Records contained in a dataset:
┏━━
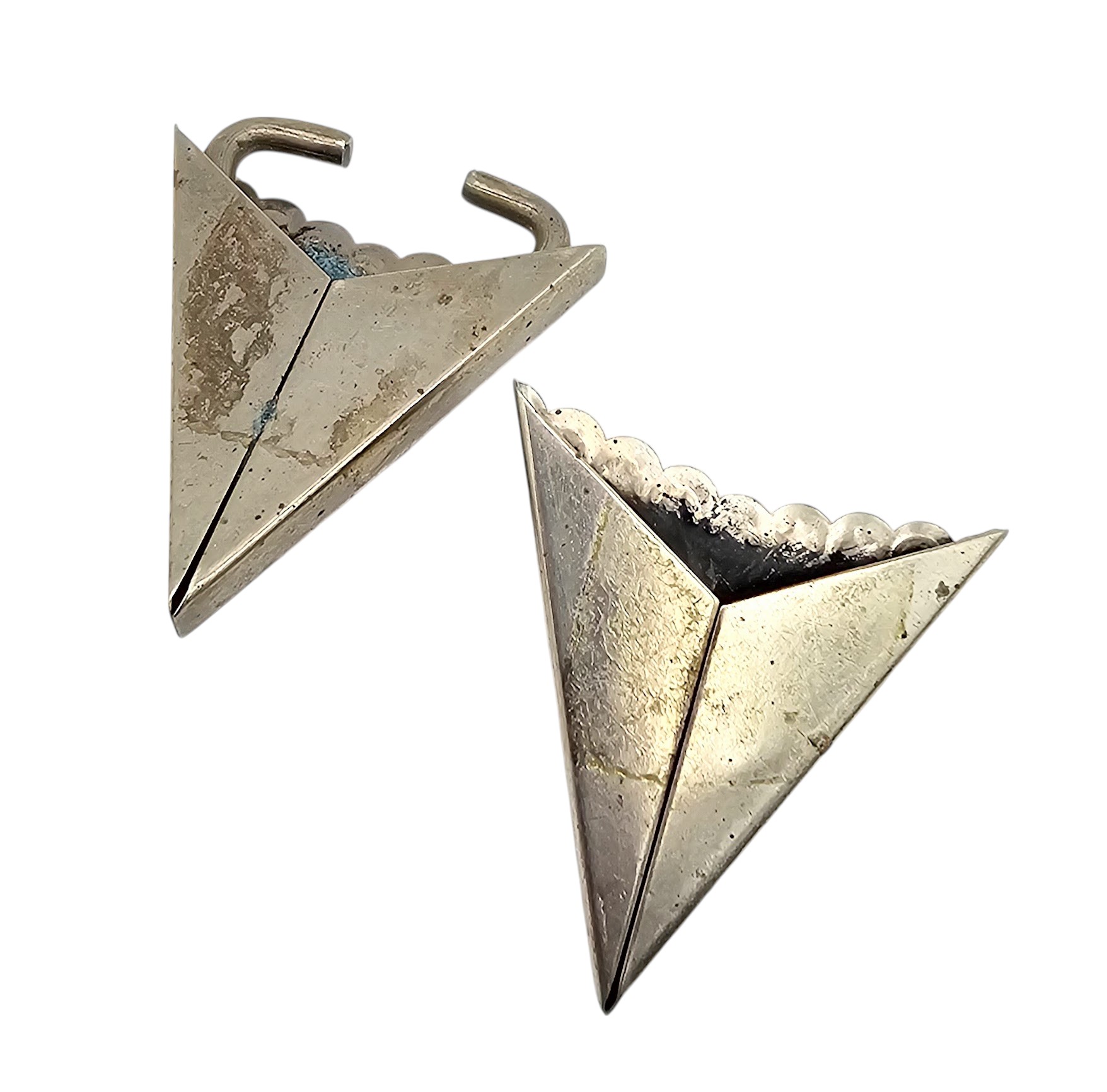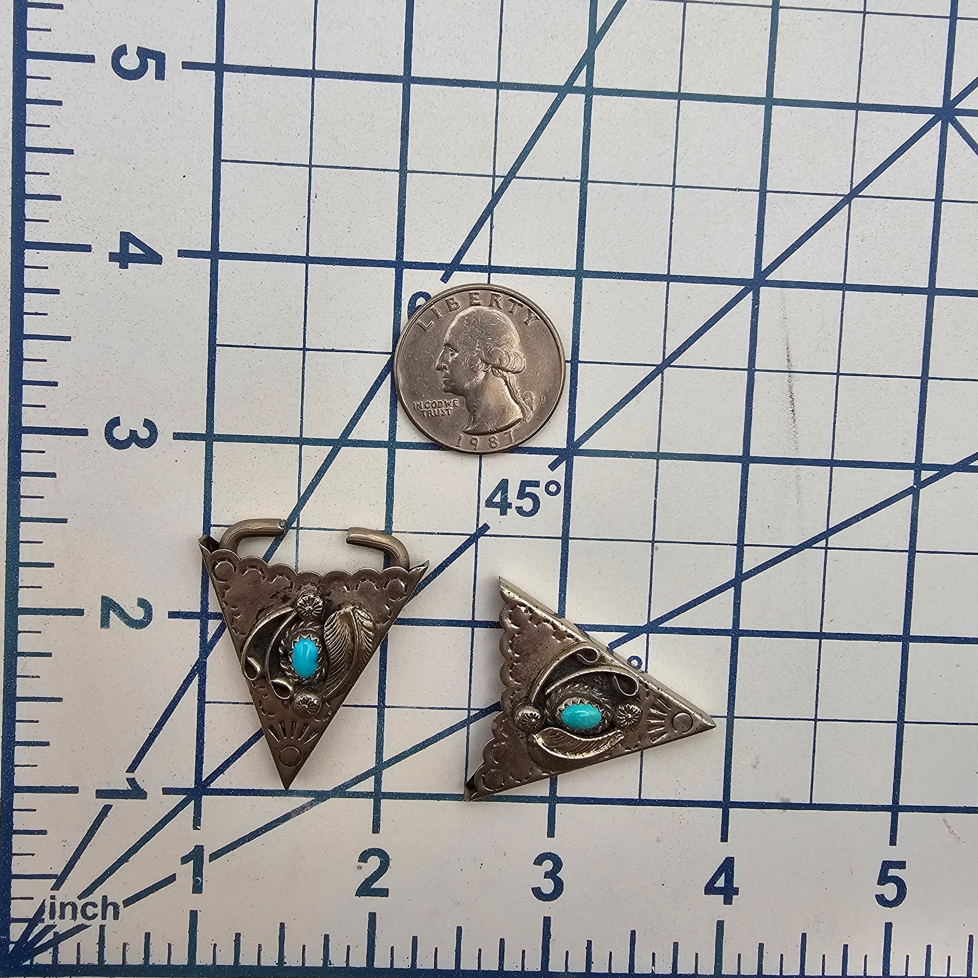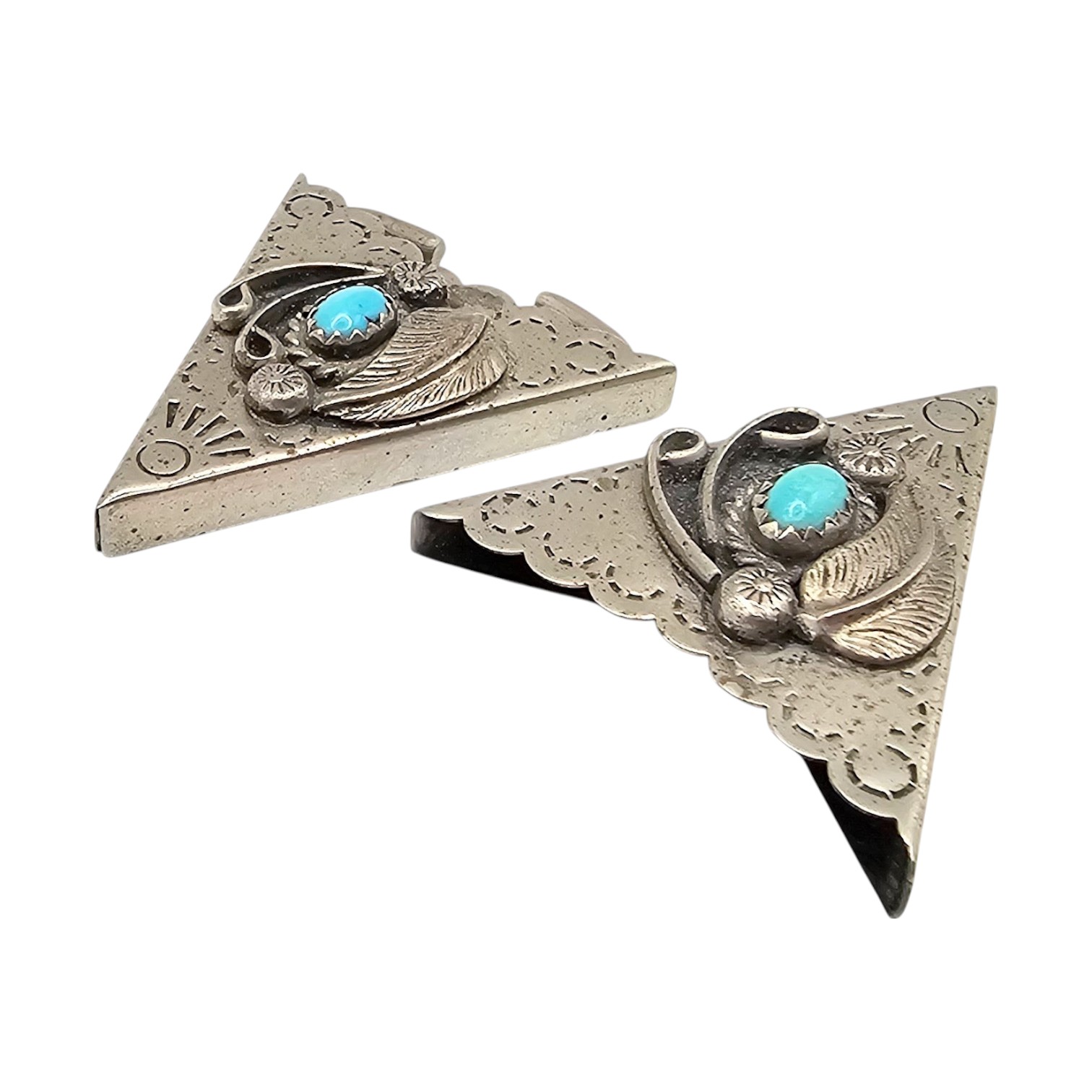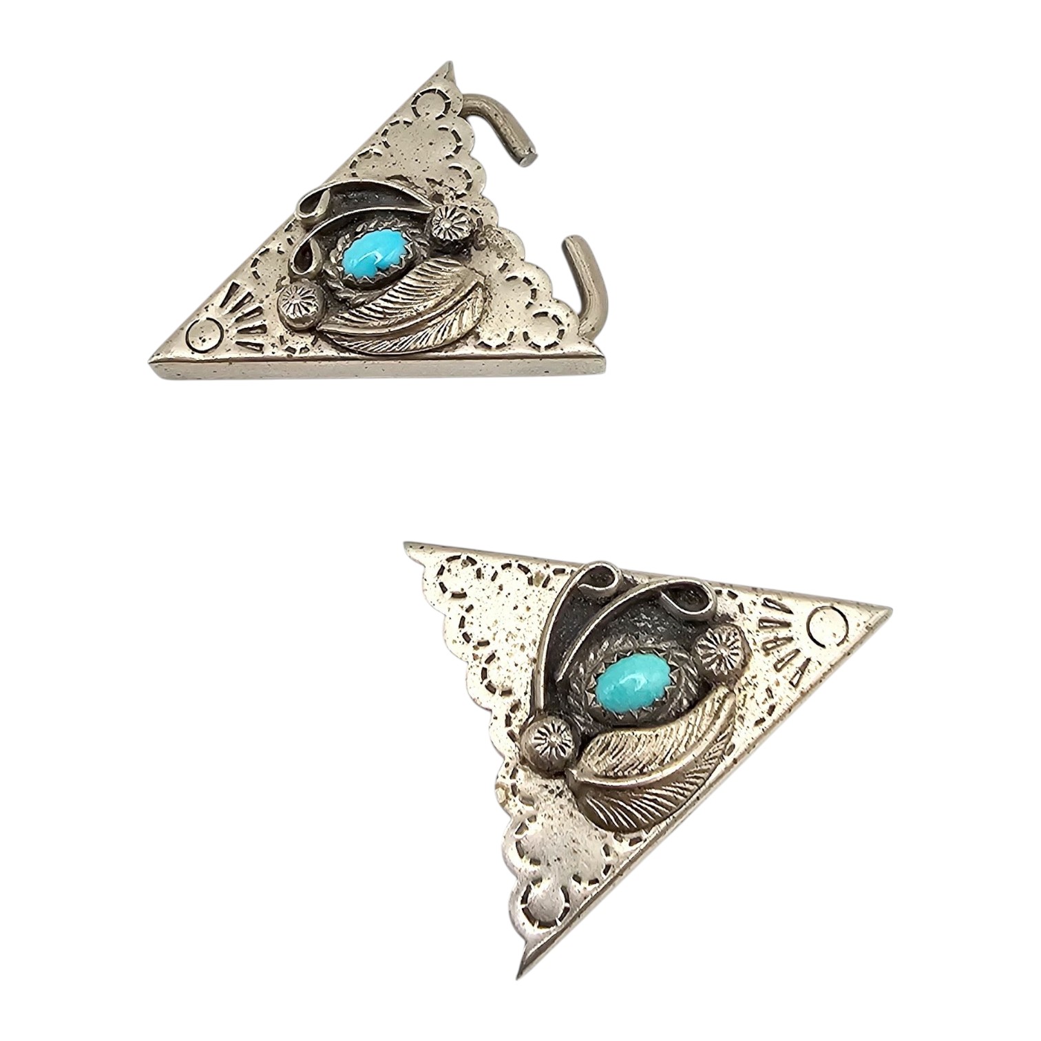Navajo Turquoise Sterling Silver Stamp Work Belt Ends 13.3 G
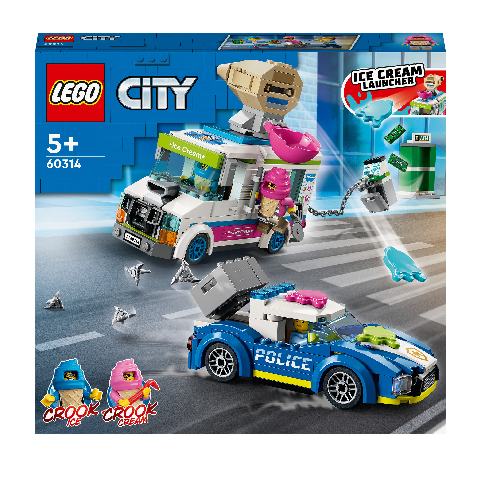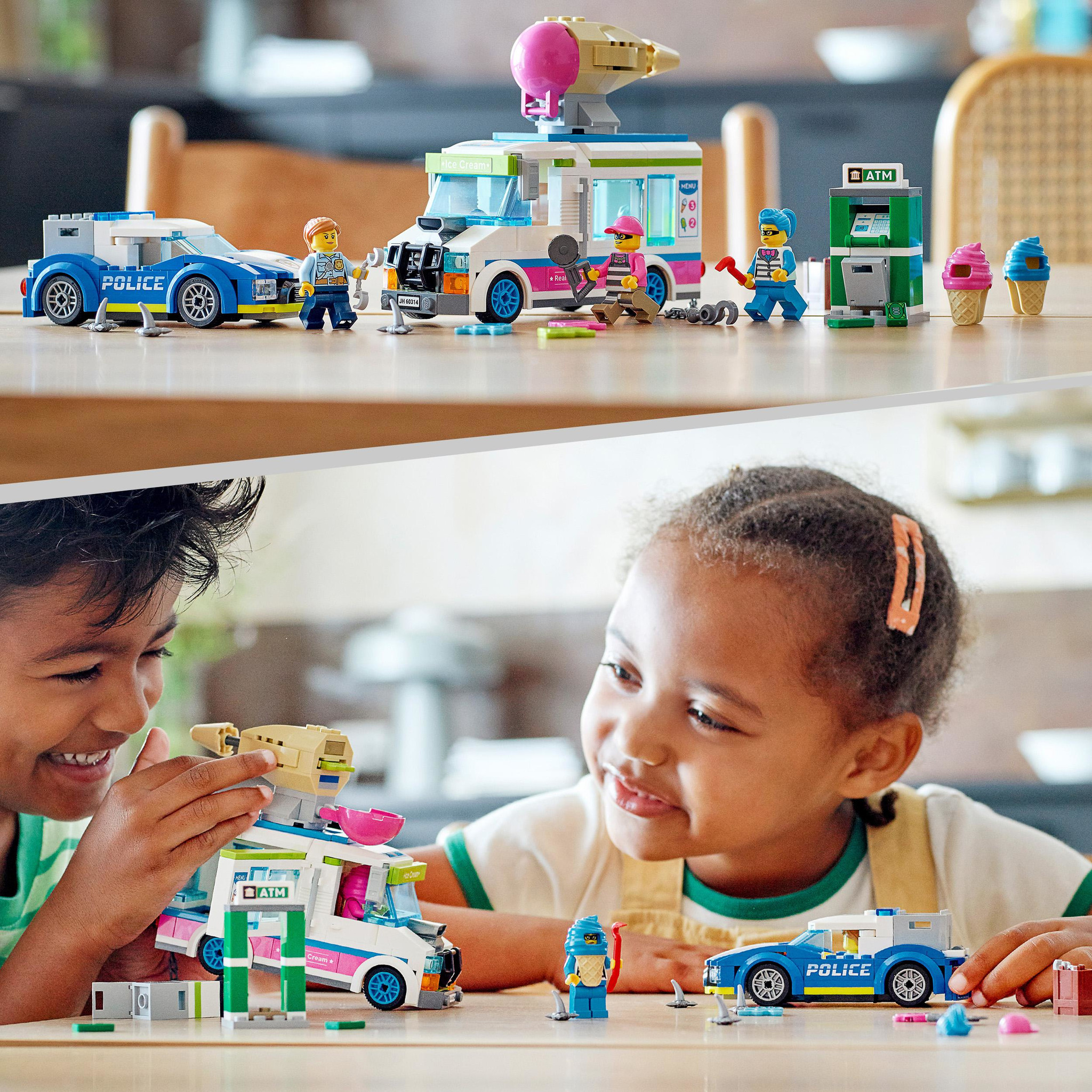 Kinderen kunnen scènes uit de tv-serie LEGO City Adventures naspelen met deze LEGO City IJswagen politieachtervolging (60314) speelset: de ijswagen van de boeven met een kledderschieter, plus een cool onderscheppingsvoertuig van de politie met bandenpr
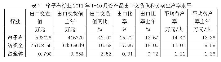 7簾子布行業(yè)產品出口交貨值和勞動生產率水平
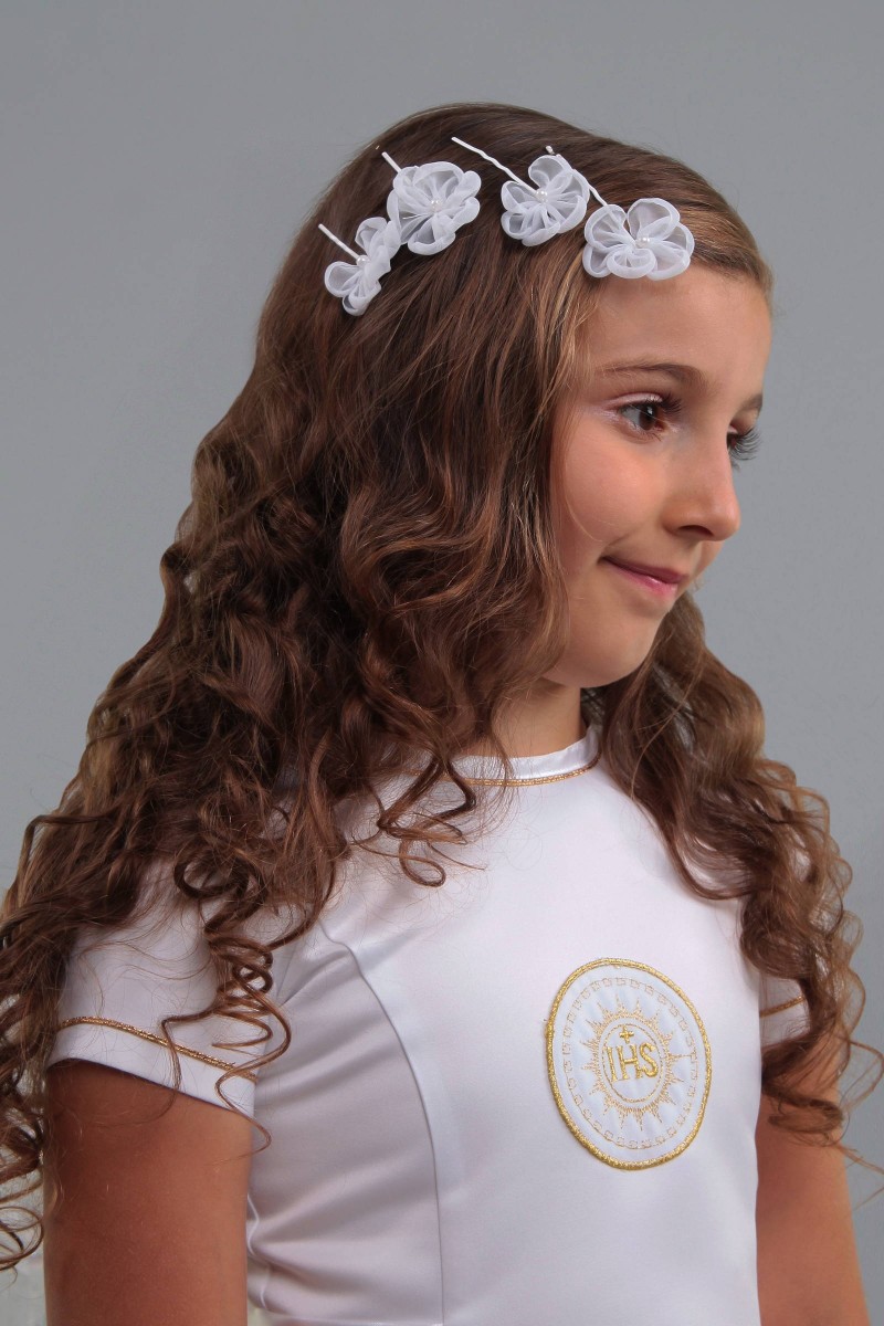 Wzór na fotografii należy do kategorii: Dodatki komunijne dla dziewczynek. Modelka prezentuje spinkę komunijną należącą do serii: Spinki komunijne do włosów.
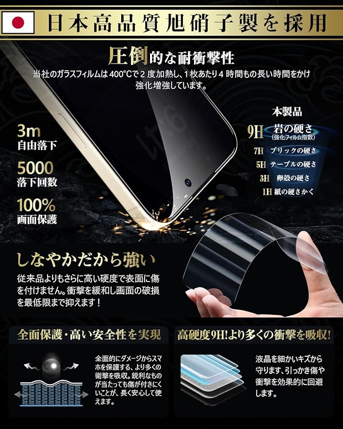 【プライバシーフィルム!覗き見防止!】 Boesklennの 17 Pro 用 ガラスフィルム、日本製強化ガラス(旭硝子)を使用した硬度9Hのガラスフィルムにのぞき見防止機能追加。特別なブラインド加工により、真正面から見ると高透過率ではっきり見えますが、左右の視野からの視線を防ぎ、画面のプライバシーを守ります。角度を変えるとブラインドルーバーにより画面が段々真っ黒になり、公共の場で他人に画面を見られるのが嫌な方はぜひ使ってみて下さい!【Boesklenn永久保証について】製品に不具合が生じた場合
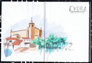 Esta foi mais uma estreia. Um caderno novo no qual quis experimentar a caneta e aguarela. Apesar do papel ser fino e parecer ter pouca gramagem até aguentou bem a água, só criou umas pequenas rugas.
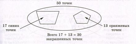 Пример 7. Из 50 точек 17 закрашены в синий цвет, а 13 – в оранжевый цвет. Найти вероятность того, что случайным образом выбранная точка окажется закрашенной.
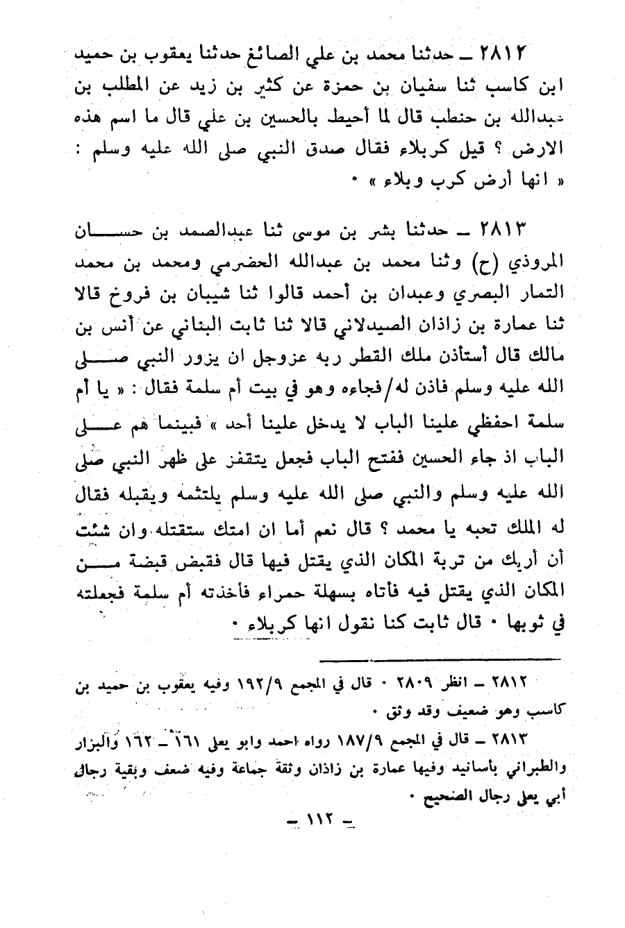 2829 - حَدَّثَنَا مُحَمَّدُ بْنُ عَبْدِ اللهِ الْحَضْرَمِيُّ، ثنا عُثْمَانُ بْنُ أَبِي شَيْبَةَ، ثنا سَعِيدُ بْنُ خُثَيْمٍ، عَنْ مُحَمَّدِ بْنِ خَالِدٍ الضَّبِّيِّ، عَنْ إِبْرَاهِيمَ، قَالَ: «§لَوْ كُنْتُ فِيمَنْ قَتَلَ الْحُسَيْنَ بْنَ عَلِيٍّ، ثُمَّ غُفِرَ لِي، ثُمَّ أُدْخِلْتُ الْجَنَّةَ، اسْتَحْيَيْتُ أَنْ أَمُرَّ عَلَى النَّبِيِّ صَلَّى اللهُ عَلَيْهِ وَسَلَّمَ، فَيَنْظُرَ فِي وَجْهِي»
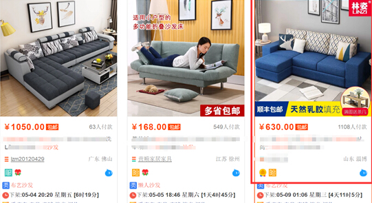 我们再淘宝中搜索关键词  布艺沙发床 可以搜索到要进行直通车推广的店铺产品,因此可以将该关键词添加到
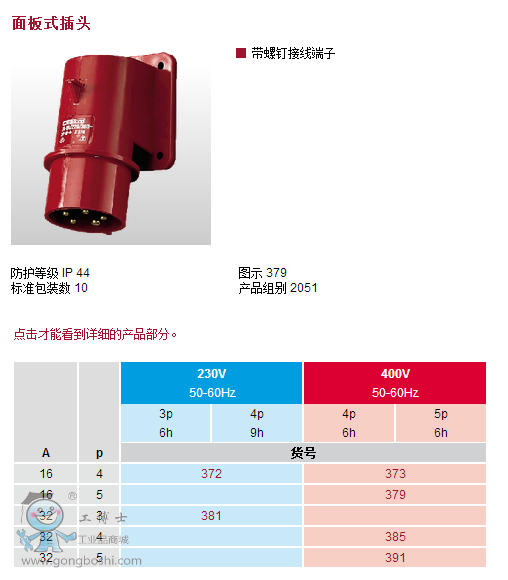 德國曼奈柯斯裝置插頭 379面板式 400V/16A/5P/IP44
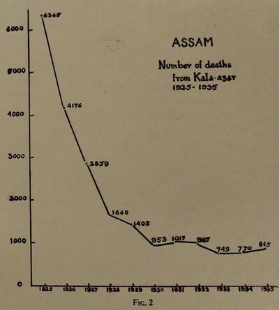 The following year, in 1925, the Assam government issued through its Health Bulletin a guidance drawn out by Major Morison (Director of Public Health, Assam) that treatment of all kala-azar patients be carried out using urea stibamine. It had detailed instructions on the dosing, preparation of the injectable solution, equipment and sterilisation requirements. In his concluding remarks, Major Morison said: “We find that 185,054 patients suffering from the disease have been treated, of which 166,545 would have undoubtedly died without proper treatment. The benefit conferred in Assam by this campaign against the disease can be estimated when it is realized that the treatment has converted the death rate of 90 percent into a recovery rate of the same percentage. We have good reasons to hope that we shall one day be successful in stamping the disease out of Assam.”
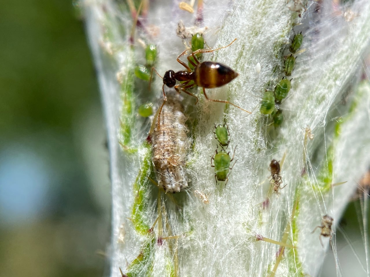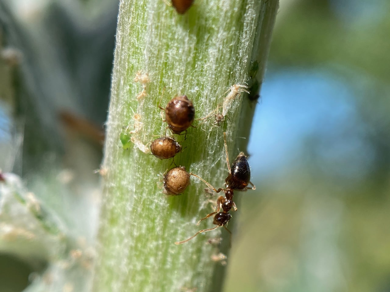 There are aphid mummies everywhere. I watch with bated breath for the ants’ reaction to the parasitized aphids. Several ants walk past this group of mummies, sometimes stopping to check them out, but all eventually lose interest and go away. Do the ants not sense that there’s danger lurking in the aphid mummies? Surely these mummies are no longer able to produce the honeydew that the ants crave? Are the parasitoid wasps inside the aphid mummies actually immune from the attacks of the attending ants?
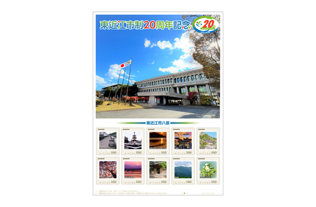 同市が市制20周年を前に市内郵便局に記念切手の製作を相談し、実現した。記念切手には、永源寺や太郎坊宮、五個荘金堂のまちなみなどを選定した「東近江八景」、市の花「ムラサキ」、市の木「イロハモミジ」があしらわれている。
┗━━
_Problem statement_. In the entries above, which lines run from the one with "我们再淘宝中搜索关键词  布" up to and including the one with "The following year, in"? Write them out exactly, without the pictures.

_Task output_.
 我们再淘宝中搜索关键词  布艺沙发床 可以搜索到要进行直通车推广的店铺产品,因此可以将该关键词添加到
 德國曼奈柯斯裝置插頭 379面板式 400V/16A/5P/IP44
 The following year, in 1925, the Assam government issued through its Health Bulletin a guidance drawn out by Major Morison (Director of Public Health, Assam) that treatment of all kala-azar patients be carried out using urea stibamine. It had detailed instructions on the dosing, preparation of the injectable solution, equipment and sterilisation requirements. In his concluding remarks, Major Morison said: “We find that 185,054 patients suffering from the disease have been treated, of which 166,545 would have undoubtedly died without proper treatment. The benefit conferred in Assam by this campaign against the disease can be estimated when it is realized that the treatment has converted the death rate of 90 percent into a recovery rate of the same percentage. We have good reasons to hope that we shall one day be successful in stamping the disease out of Assam.”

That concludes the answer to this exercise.